Especially the approximated auto-correlation matrix is in practice often used. When dealing with real-valued signals, this leads to a symmetric auto-correlation matrix (i.e. $\hat{\bf{R}}_X = \hat{\bf{R}}_X^\top$) and it turns out that this matrix is at the same time positive semi-definite (i.e. $\hat{\bf{R}} \succeq 0$).

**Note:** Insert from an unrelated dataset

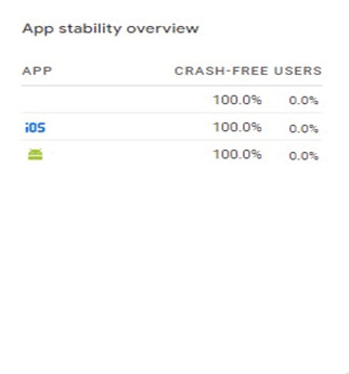 * **App stability overview:** Số lượng Users gặp lỗi khi sử dụng ứng dụng trên 2 hệ điều hành IOS và Android.

Ergodicity and approximate statistics

In practice, we cannot observe the signal for an infinite interval. For ergodic random processes, we need to replace the time-averaging over the infinetely-long single realization of the random processes with averaging over a limited number of samples. For a discrete-time signal of length $N$, the conditions for ergodicity of the mean stated in (\ref{ergmean}) then become

\begin{equation} \text{E}\left\{\frac{1}{N}\sum^{N-1}_{n=0}x[n]\right\}=\text{E}[\hat{\mu}_X]=\mu_X, \end{equation}

and

\begin{equation} \text{Var} \left\{\frac{1}{N}\sum^{N-1}_{n=0}x[n]\right\} \xrightarrow{N\xrightarrow{} \infty} 0 \end{equation}

Note that the second condition does not look at the variance of $X[n]$, but rather at the variance of our estimator for the mean $\hat{\mu}_X$, as given in the table above. By veryfing the second condition, we are veryfing the consistency of our mean estimator. This concept will be further explained in the module on Estimation theory.